I think I’ve reached a point where NOT doing things is becoming much more attractive than doing them.  Like NOT having to upgrade;  NOT talking about ‘social media’ all the time; NOT Tweeting; NOT needing the latest laptop or the newest phone; NOT chasing top Google spots; NOT worrying about followers, subscribers and hits or how to monetise traffic.

Ahhh. Can you imagine it?

LinkedIn: Social media as ‘Walled Community’?

LinkedIn wants you to share stuff with it’s community first, your community second

I’ve said this many times before, but I think LinkedIn makes social media hard work.

Why?

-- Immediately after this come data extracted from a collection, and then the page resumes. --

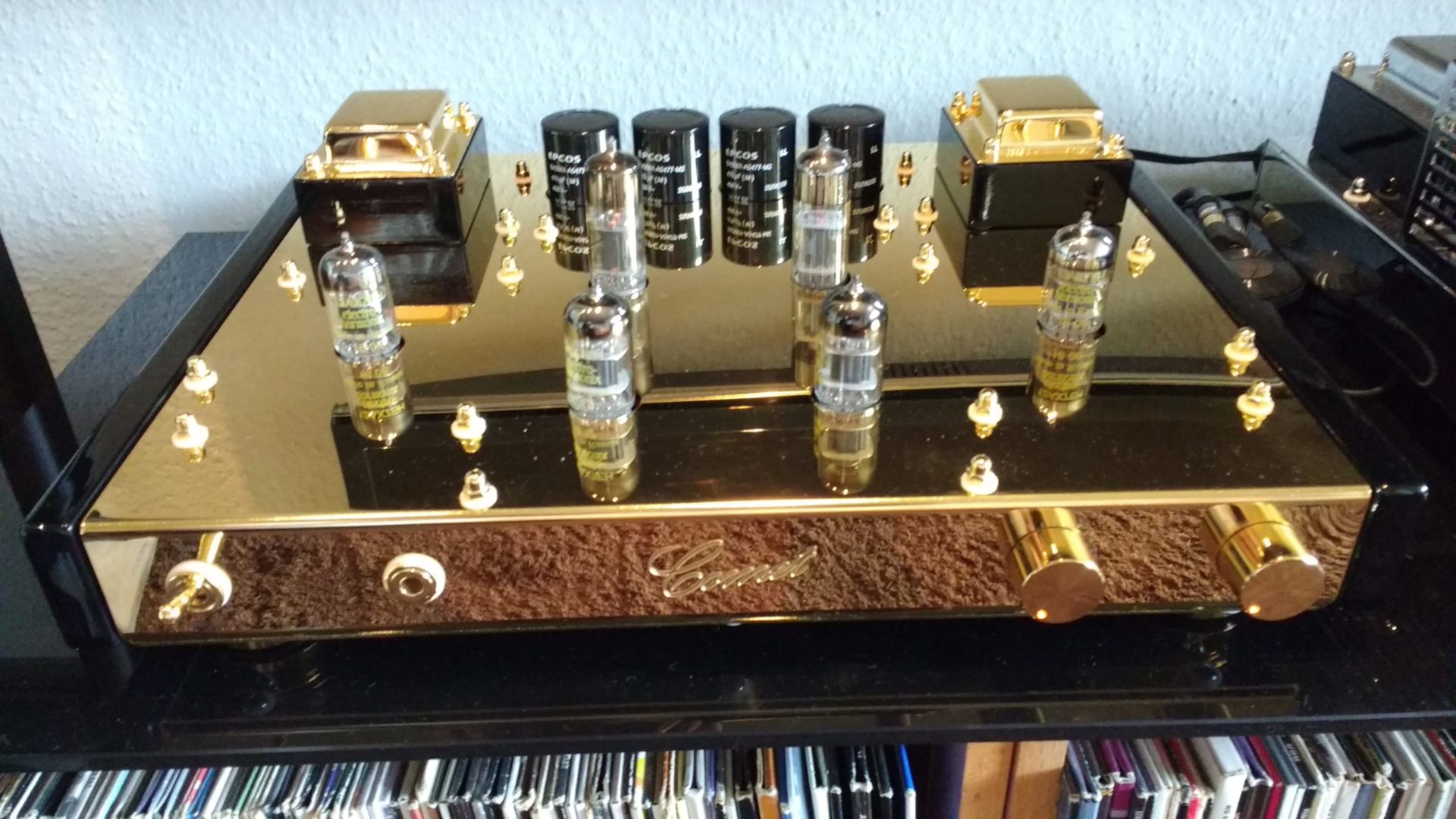– Kopfhörerausgang eisenlos mit 6N6P in SRPP, voreingestellt für niederohmige Kopfhörer, intern schaltungstechnisch umrüstbar.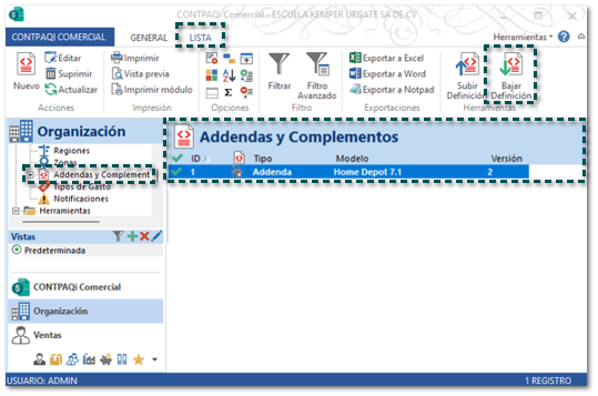 Descarga la addenda desde la sección Home Depot 7.1, desde la sección Organización, dentro del catálogo Addendas y Complementos, en la opción Bajar Definición.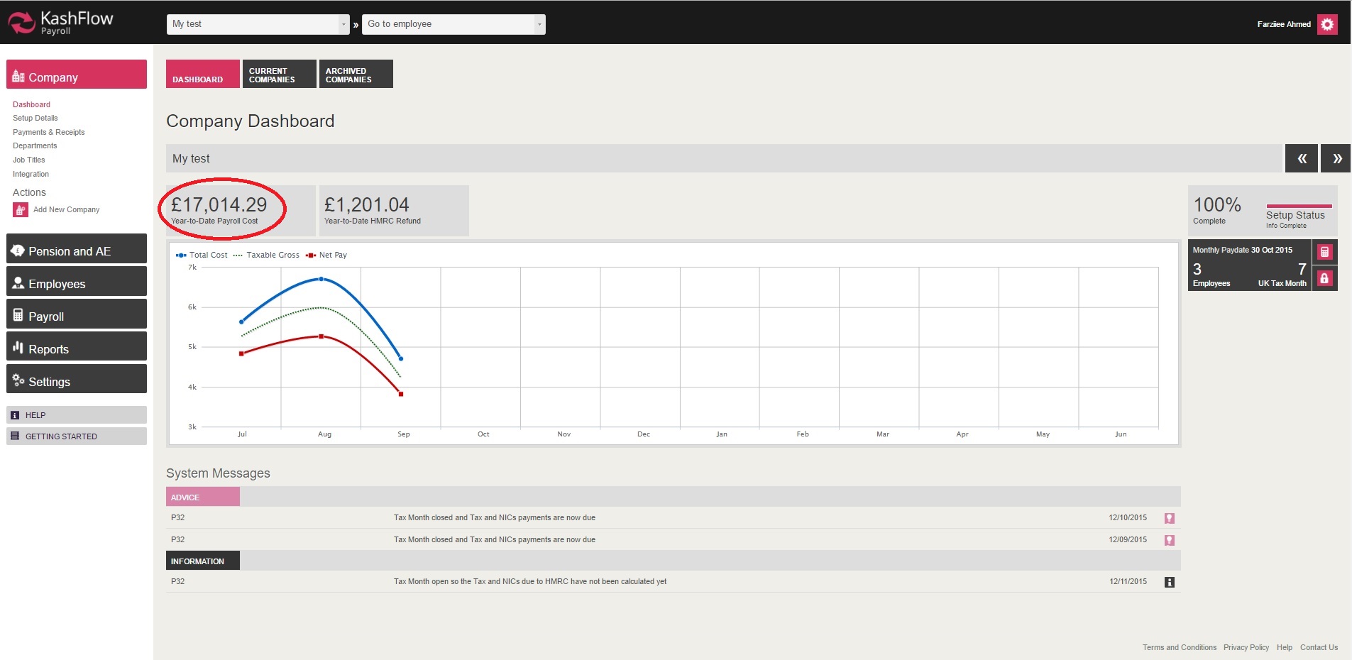 This area of the dashboard provides you with a graph of the company costings based on the payslip amounts processed.
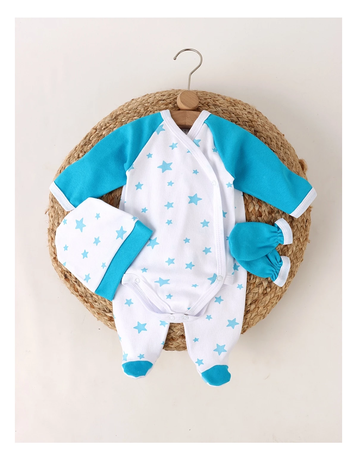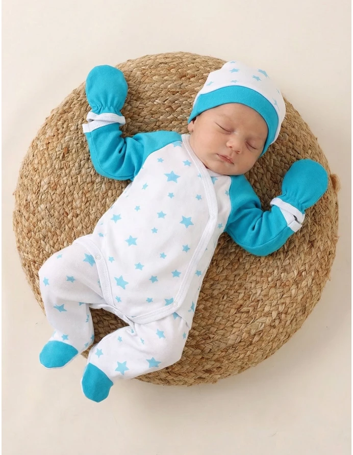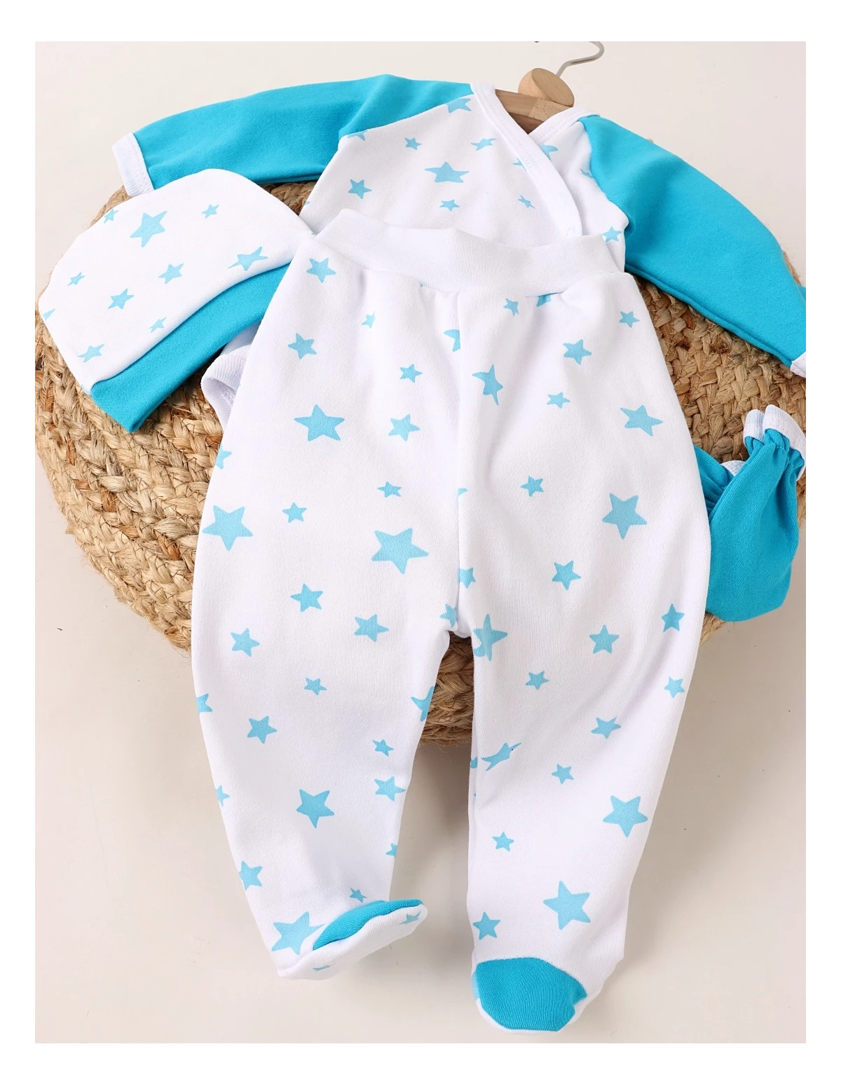Costumas 4 piese format din body cu maneca lunga deschide pe o parte cu capse, pantaloni model cu botosi,manusi si caciulita. Material 100% bumbac
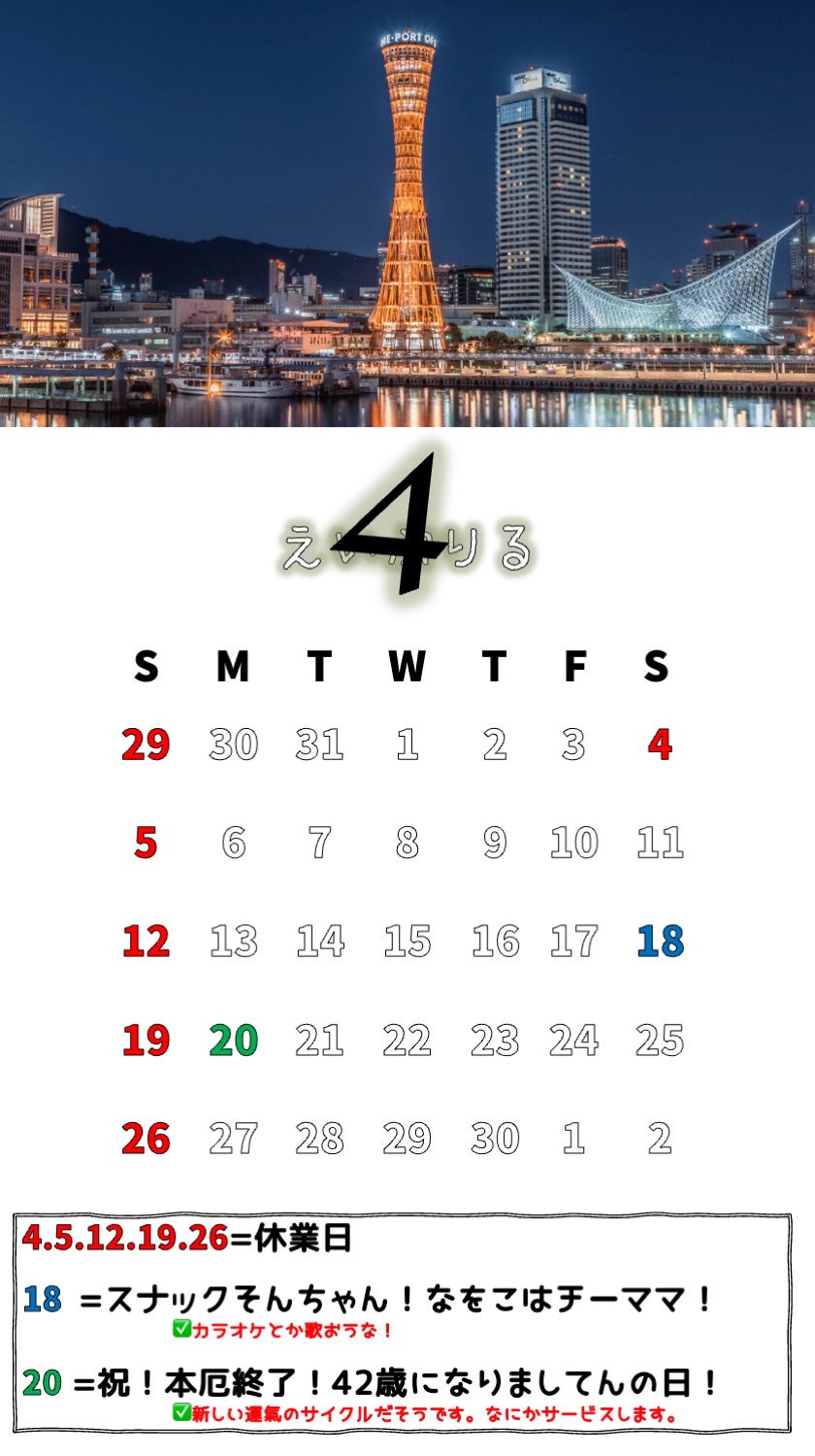 それでは今月のカレンダーです。ご確認のほどよろしくお願いいたします。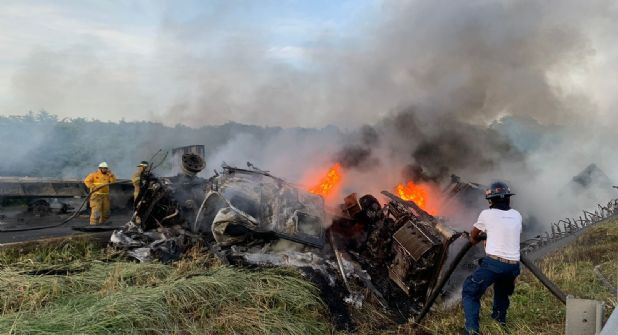 El reporte indica que un tráiler se salió de la cinta asfáltica y terminó volcado, posteriormente fue impactado por otro vehículo de carga que no logró frenar a tiempo, generándose el incendio de ambas unidades.

Not least because of its clunky ‘what do I do now’ functionality.  But also because it wants you to stay within its walls more than it wants to recognise the way you want to use social media.  It has something of an AOL feel to it.

I keep getting the occasional invitation to connect and the odd link from LinkedIn.  I go to there, accept the invite, say hello sometimes… and then sort of grind to a halt thinking ‘what can I do now?’

This morning, I got a link from an online reputation group I subscribed to in LinkedIn.  I went there, had a read and decided ‘I’d like to Tweet that’.  I clicked the ‘Share this’ button and found myself being offered the opportunity to share the link with people in my LinkedIn network.  Pity I wanted to share it with my Twitter network.

And there you have it.  Social Media as walled community.  This network versus that network – all vying to own the member pool.

So long as there’s revenue to be dreamed of and grasped, will there ever be a totally open social media network?  One which sets out to seamlessly interface with every other network of choice?

Personally, I doubt it.  What do you think?

I just wrecked your business plan, Facebook

Does Adblocker wreck Facebook and Google’s business models?

I installed Adblocker a while back and was astonished to find that it simply disappeared all Google ads and all Facebook ads – just like that. No fuss, no complicated set up.

As I sat there staring at the denuded landscape that is Facebook without those nasty, tacky, spammy ads I was struck by the fragility of Facebook and Google’s business model.

To get what I mean, picture yourself sweating in front of the investors in Dragons’ Den.

“…with hundreds of millions of subscribers, the ad revenue will net us $blah blah blah millions a year” you say.

“What happens if I switch this Adblocker thing on?” asks Theo Paphitis with that ‘you bet I’m going to try to break it’ look in his eye.

Shit, you think to yourself. ‘Maybe people won’t find out about Adblocker or maybe they’ll prefer ads…” you bravely venture, beads of sweat trickling down your back.

“I’ll tell you where I am-” interrupts Duncan testily, heralding your exit fyom the den.

What kind of business model is it if one click of a mouse can unravel it?